Wide indeed is the sphere of autonomy granted to institutions of higher learning, for the constitutional grant of academic freedom, to quote again from Garcia v. Faculty Admission Committee, Loyola School of Theology, is not to be construed in a niggardly manner or in a grudging fashion.

Under the U.P. Charter, the Board of Regents is the highest governing body of the University of the Philippines. It has the power confer degrees upon the recommendation of the University Council. If follows that if the conferment of a degree is founded on error or fraud, the Board of Regents is also empowered, subject to the observance of due process, to withdraw what it has granted without violating a students rights. An institution of higher learning cannot be powerless if it discovers that an academic degree it has conferred is not rightfully deserved. Nothing can be more objectionable than bestowing a universitys highest academic degree upon an individual who has obtained the same through fraud or deceit. The pursuit of academic excellence is the universitys concern. It should be empowered, as an act of self-defense, to take measures to protect itself from serious threats to its integrity.
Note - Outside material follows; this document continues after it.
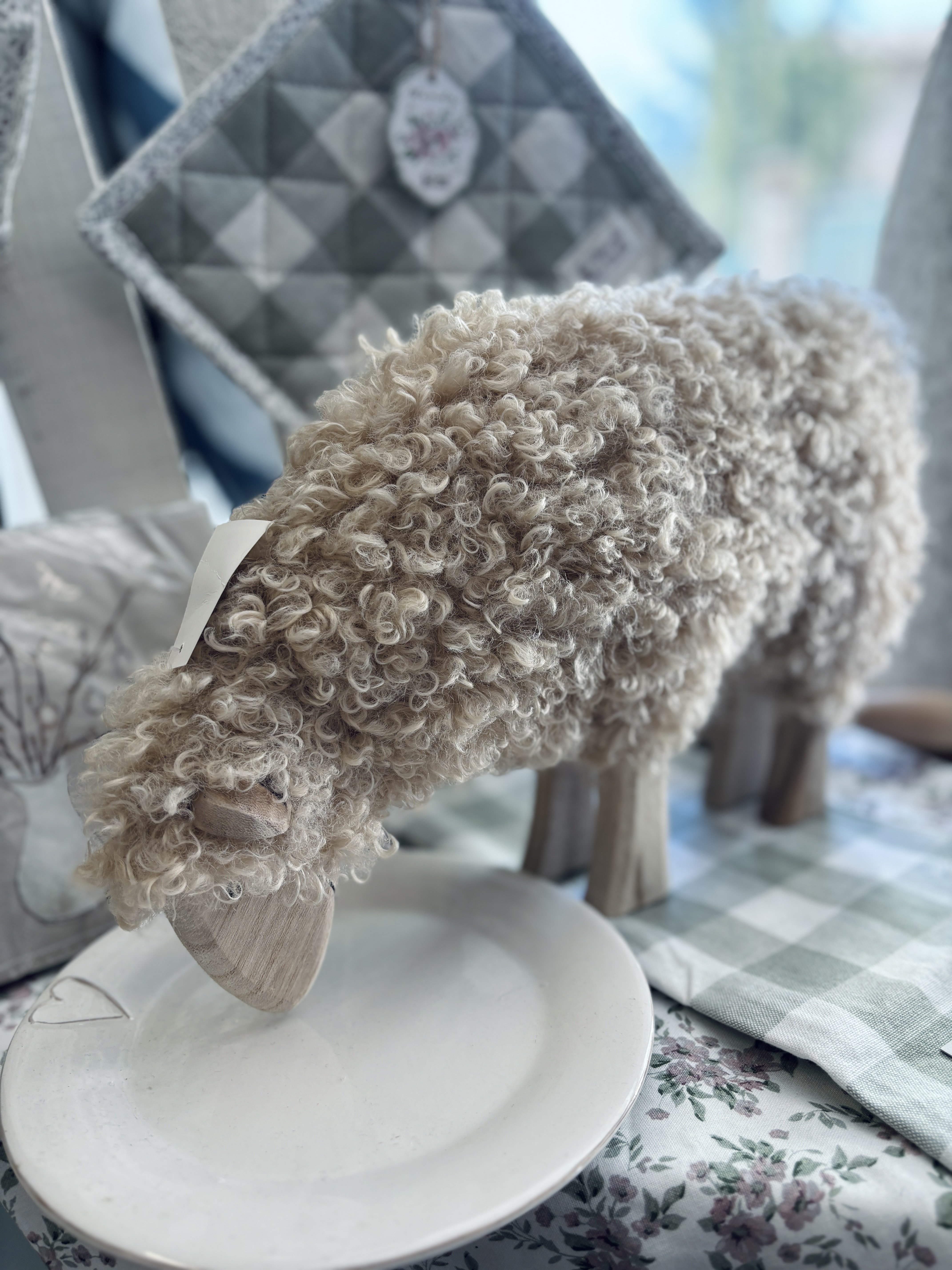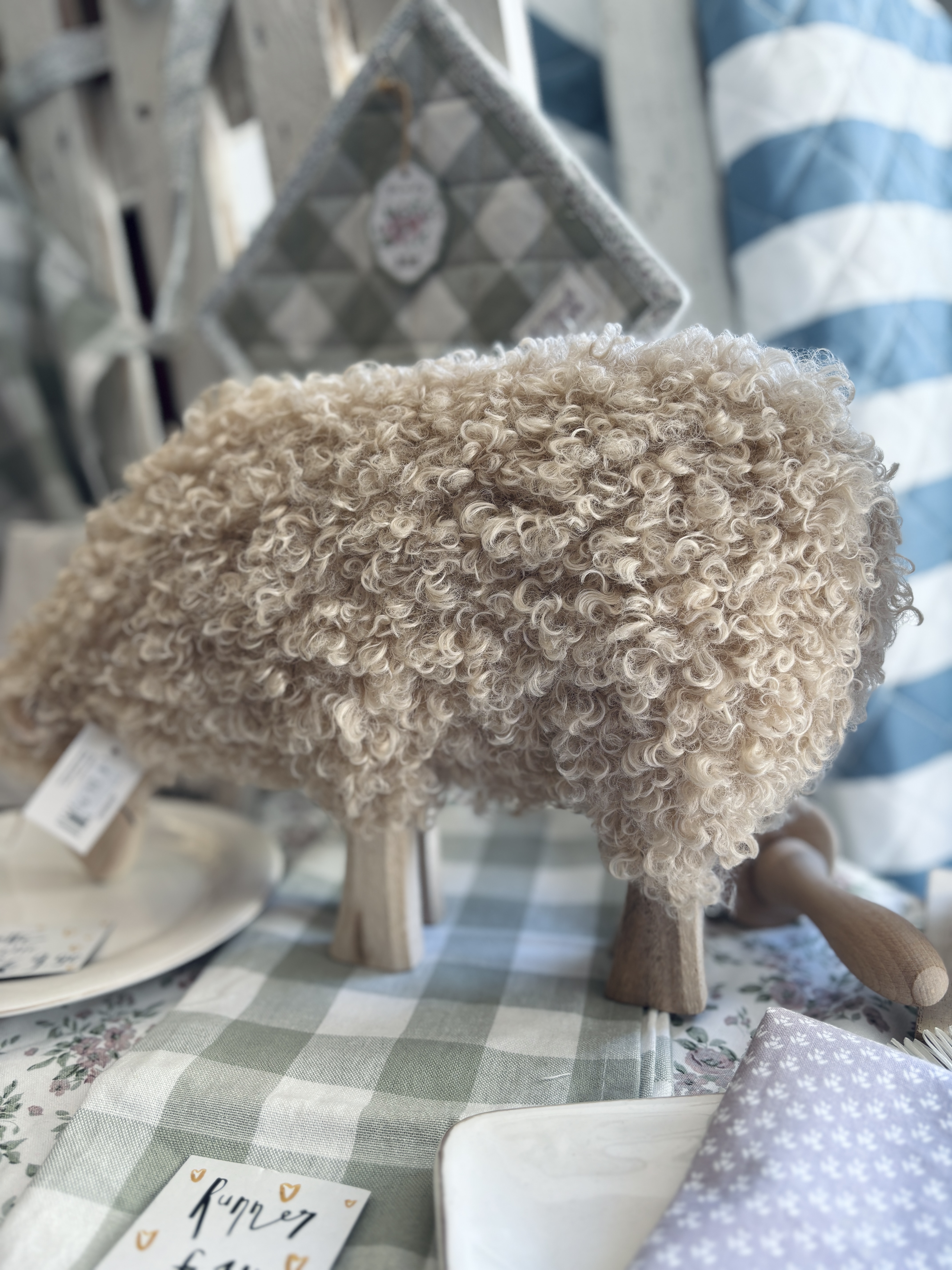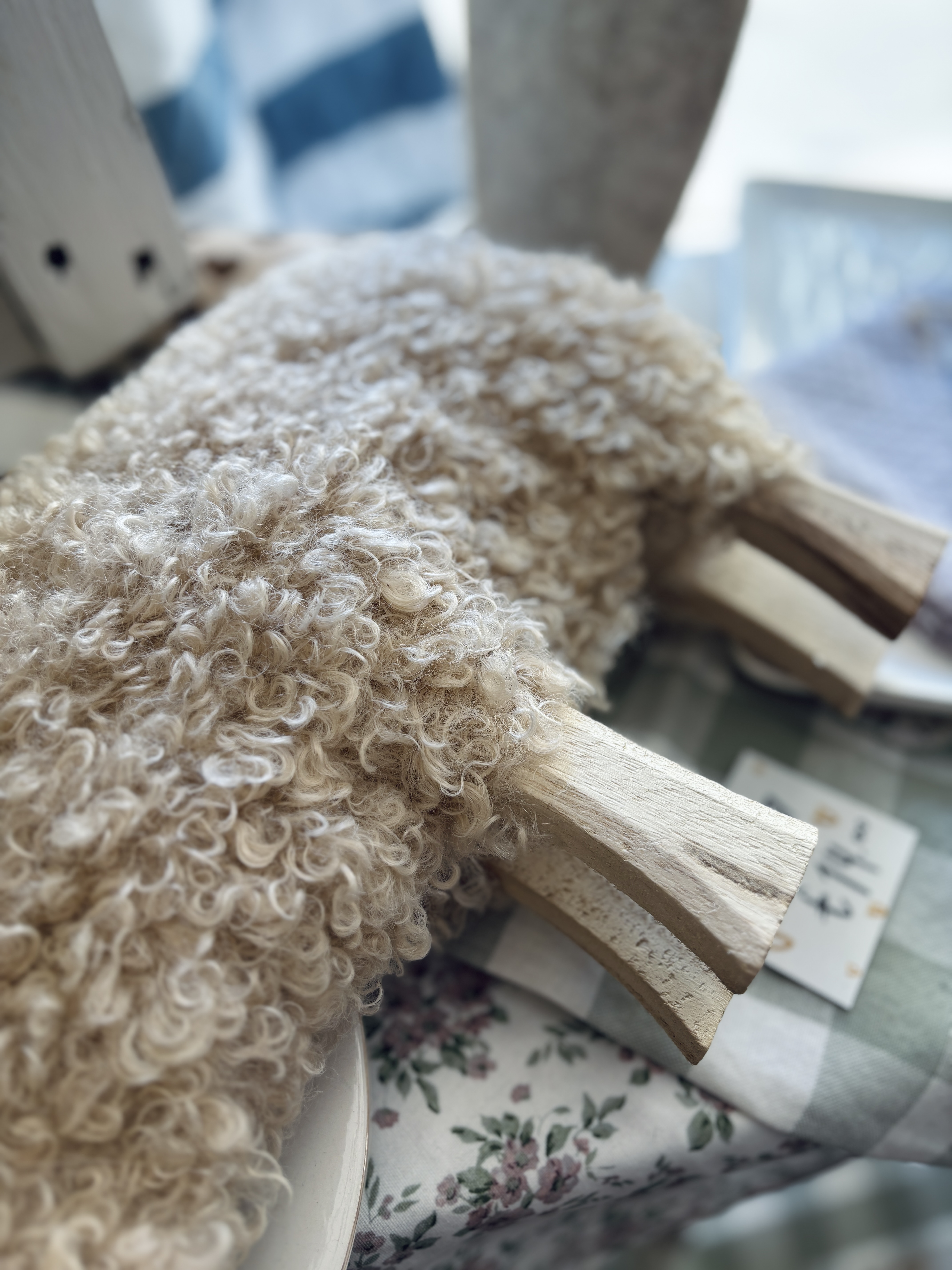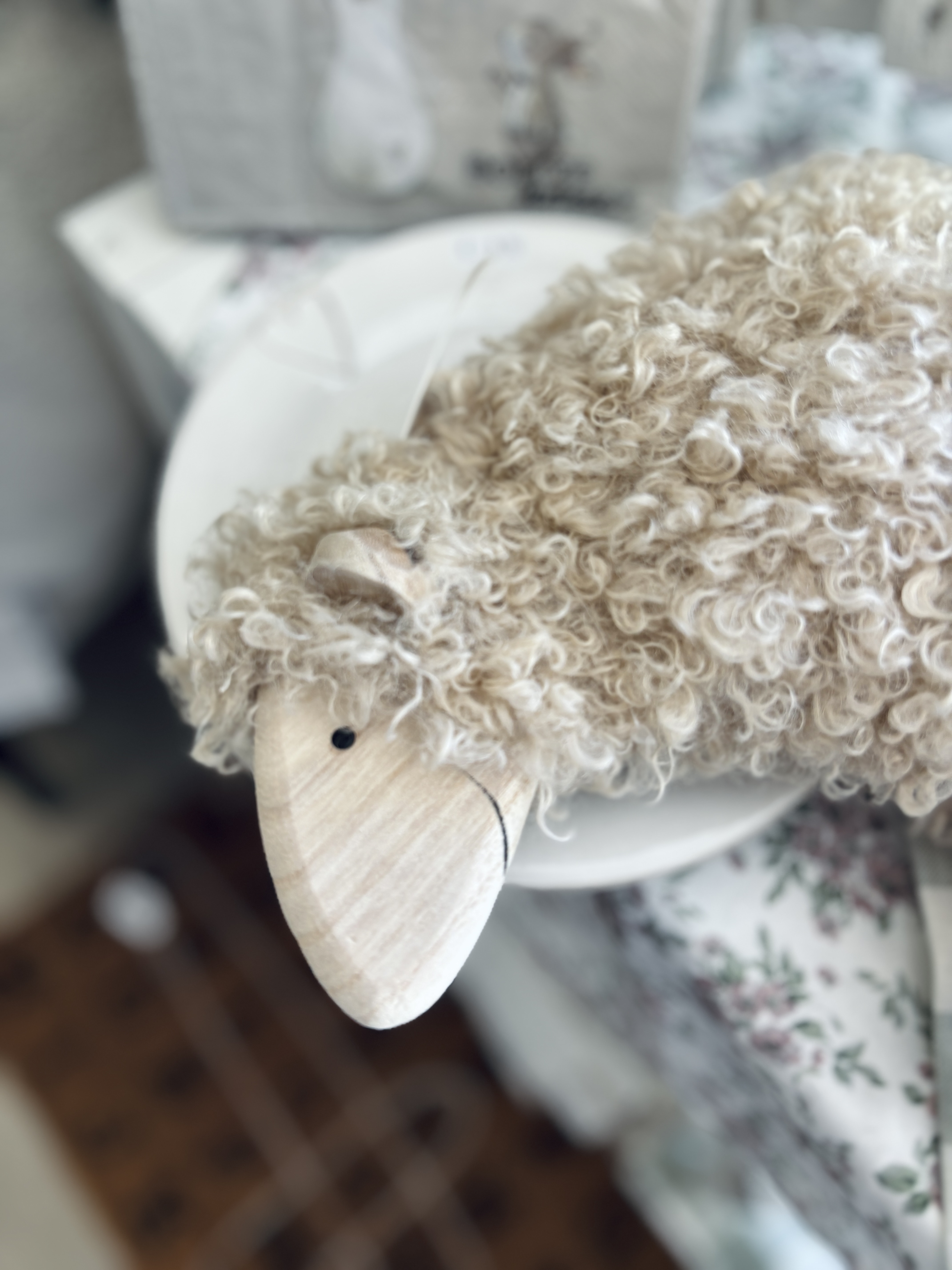 Pecora in legno con manto peloso

While it is true that the students are entitled to the right to pursue their education, the USC as an educational institution is also entitled to pursue its academic freedom and in the process has the concomitant right to see to it that this freedom is not jeopardized.

In the case at bar, the Board of Regents determined, after due investigation conducted by a committee composed of faculty members from different U.P. units, that private respondent committed no less than ninety (90) instances of intellectual dishonesty in her dissertation. The Board of Regents decision to withdraw private respondents doctorate was based on documents on record including her admission that she committed the offense.

On the other hand, private respondent was afforded the opportunity to be heard and explain her side but failed to refute the charges of plagiarism against her. Her only claim is that her responses to the charges against her were not considered by the Board of Regents before it rendered its decision. However, this claim was not proven. Accordingly, we must presume regularity in the performance of official duties in the absence of proof to the contrary.